Et dire que ces films ont failli rester au fond d'un carton ! L'idée d'associer un fabricant de stylos aux perles du bac vient de deux créatifs, le concepteur-rédacteur Fred Gallier et le directeur artistique Alain Montel, fondateurs de La Petite Agence dans la prairie. Ils en confient la réalisation à Bruno Vaussenat, de Piment bleu, producteur de spots radio et réalisateur de courts-métrages. « J'ai organisé un contre-casting, raconte ce dernier. Je ne voulais pas de comédiens, alors j'ai fait appel aux enfants de copains et j'ai choisi les plus mauvais. Je ne voulais qu'une seule prise pour être vrai. Comme les jeunes récitaient trop leur texte, je les ai mis en situation de stress, les obligeant à improviser. » En quelques heures, c'est dans la boîte... et cela y restera pendant deux ans. Une marque, approchée à l'époque, décline la proposition. Le temps passe. Bruno Vaussenat rencontre alors l'équipe de Loadings, une société de conseil et de production audiovisuelle spécialisée dans le Web. « En découvrant ces pépites inexploitées, nous avons aussitôt pensé à Bic », se souvient Guillaume Blanvillain, directeur associé de l'agence. Dès lors, La Petite Agence dans la prairie trouve le slogan et conçoit la charte graphique du minisite assuralecrit.com, tandis que Loadings met sur pied le plan médias du buzz : bannières vidéo, e-mailing à une base de données du réseau Skyblog, publication progressive sur trois semaines des films sur assuralecrit.com et sur les sites de partage de vidéos.

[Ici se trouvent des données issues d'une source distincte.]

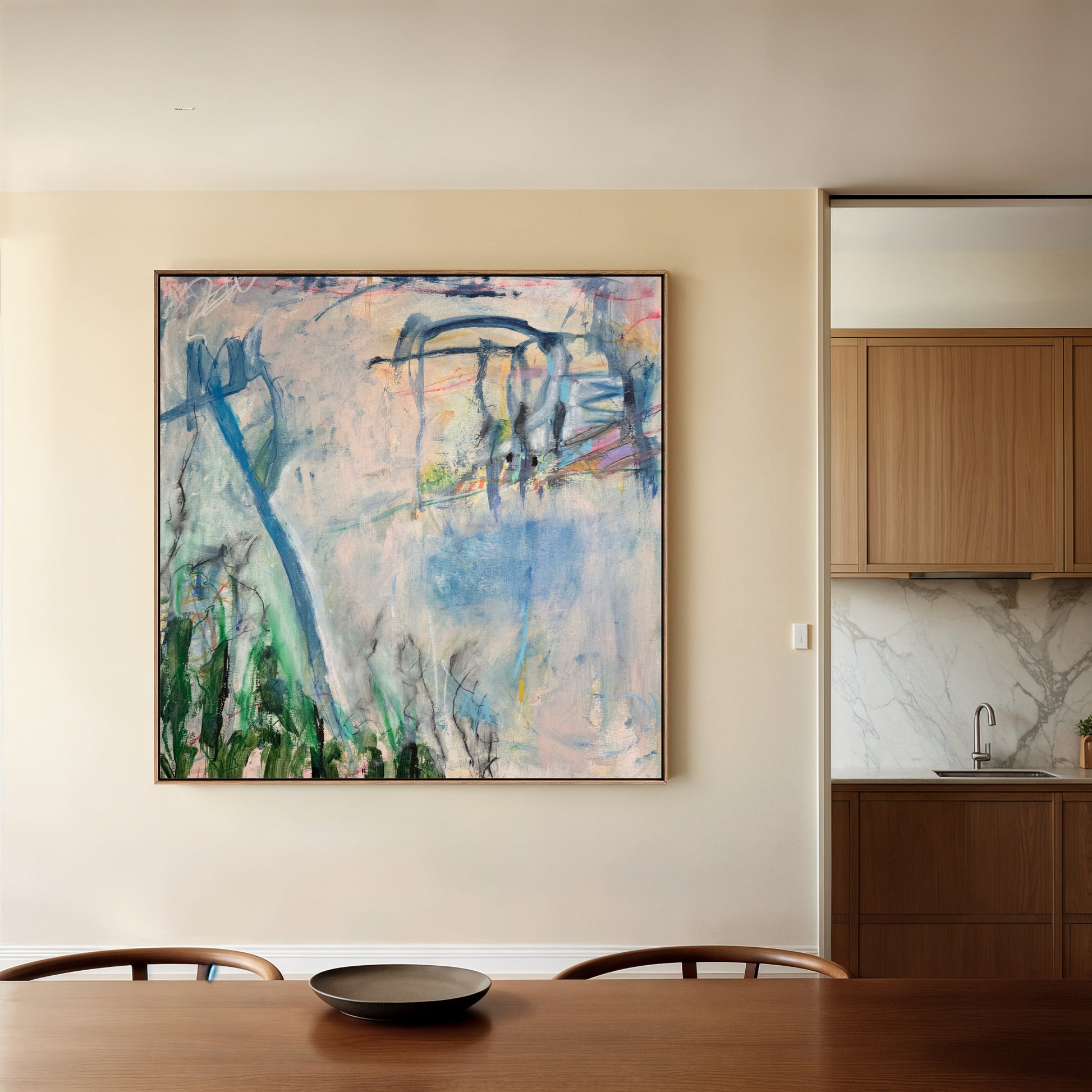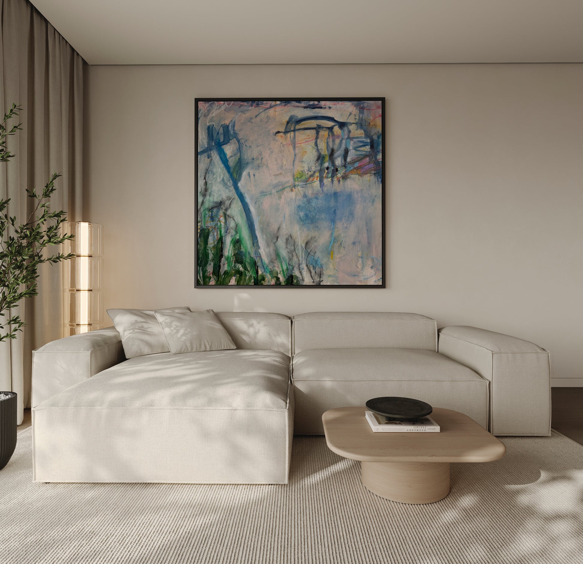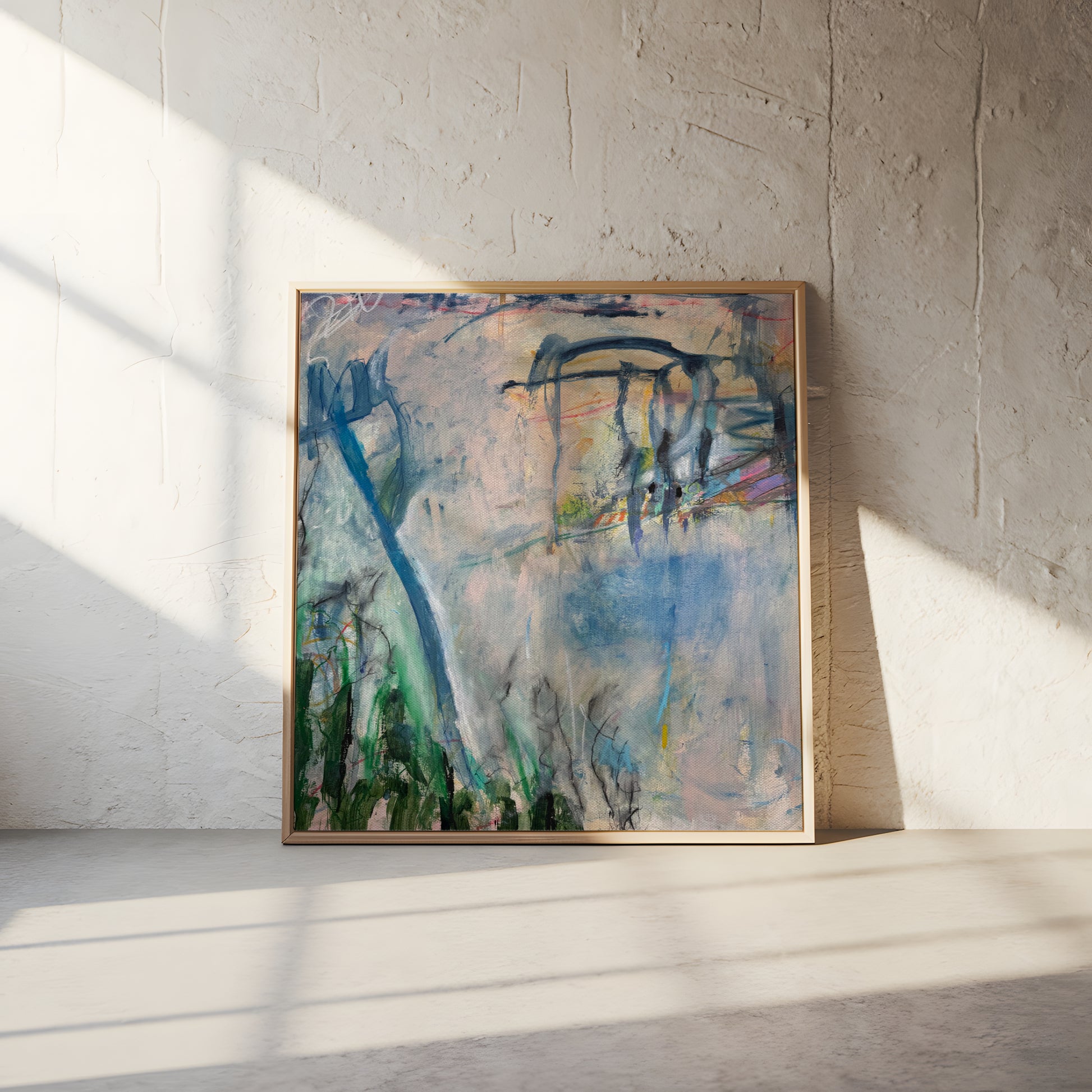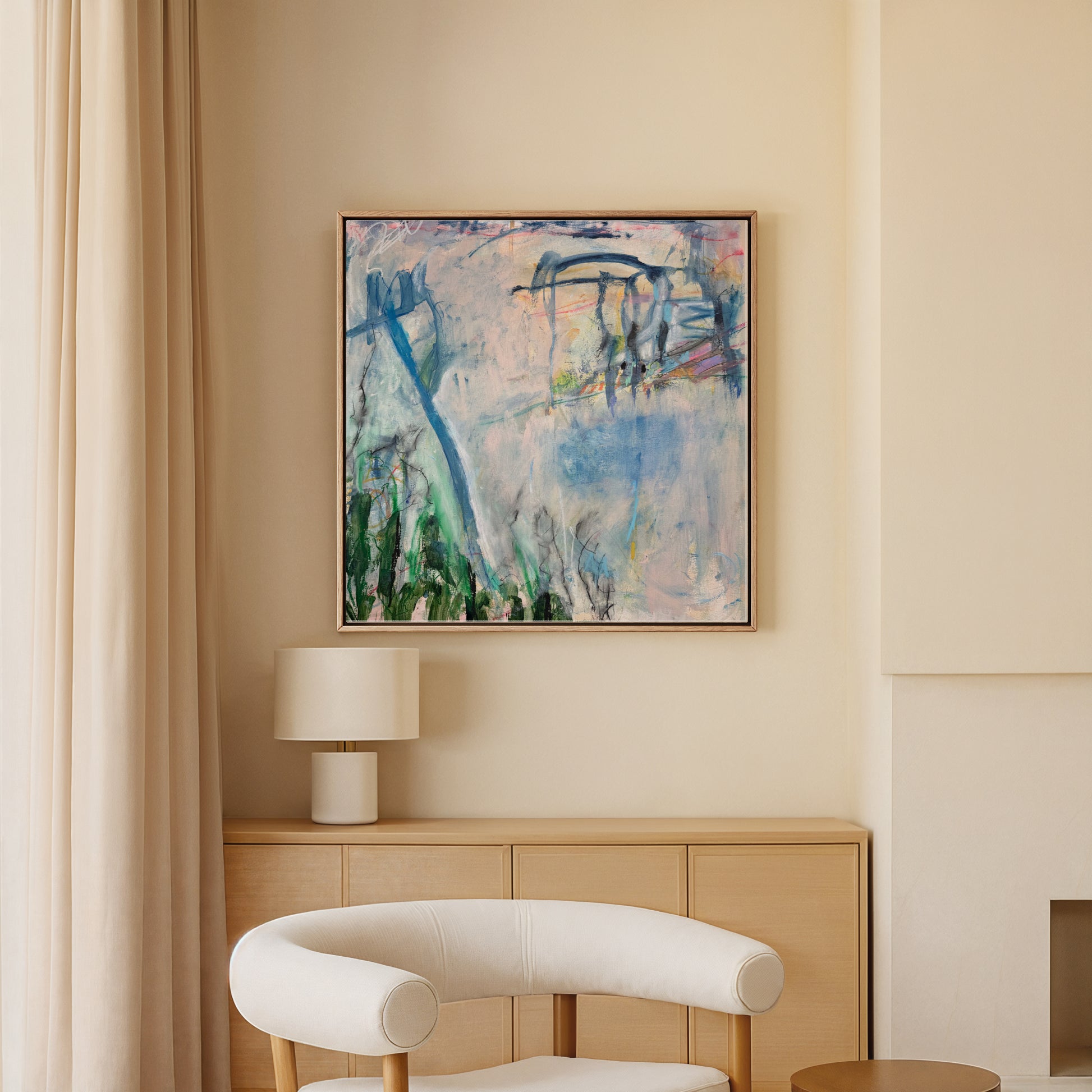 This piece is printed on a thick, archival-grade polycotton canvas, hand-stretched over solid wood stretcher bars and finished in a wood floater frame.

Quand elle reçoit le projet clés en main, Claire ­Gérard, chargée de la communication du groupe Bic, n'hésite pas : « Il collait parfaitement à l'esprit Bic, à notre humour. Nous n'avions encore jamais testé le marketing viral, et nous sortions le stylo Cristal encre gel en 2006. » Même réaction chez Bic France, même si la communication sur les stylos bille (marché sur lequel la marque est leader) n'est pas la priorité, les efforts portant d'abord sur les rasoirs et les produits pour enfants. « Nous n'avons pas un gros budget de communication sur les stylos, confirme Camille Pinçon, chef de marché papeterie de Bic France. Mais c'est vrai que nous n'avions pas pris la parole depuis six ans, que les produits sans marque progressent et que nous avons un léger déficit sur le public ado. Cette opération Internet inédite était une belle occasion de redonner de la visibilité à la marque. » Et à un moindre coût.
Les résultats vont dépasser les prévisions : entre le 15 mai et le 22 juin 2006, ­assuralecrit.­­com comptabilise 160 000 visiteurs uniques et 42 000téléchargements - on monte à 500 000 sur les sites de partage de vidéos après trois mois. Quelque 12 000 internautes s'inscrivent pour recevoir les nouveaux films, et le millier de stylos Cristal gel trouve preneurs dès 8 heures le premier jour de la mise en ligne. « Cela nous confère une image dynamique vis-à-vis de la cible et de la distribution », commente Camille Pinçon.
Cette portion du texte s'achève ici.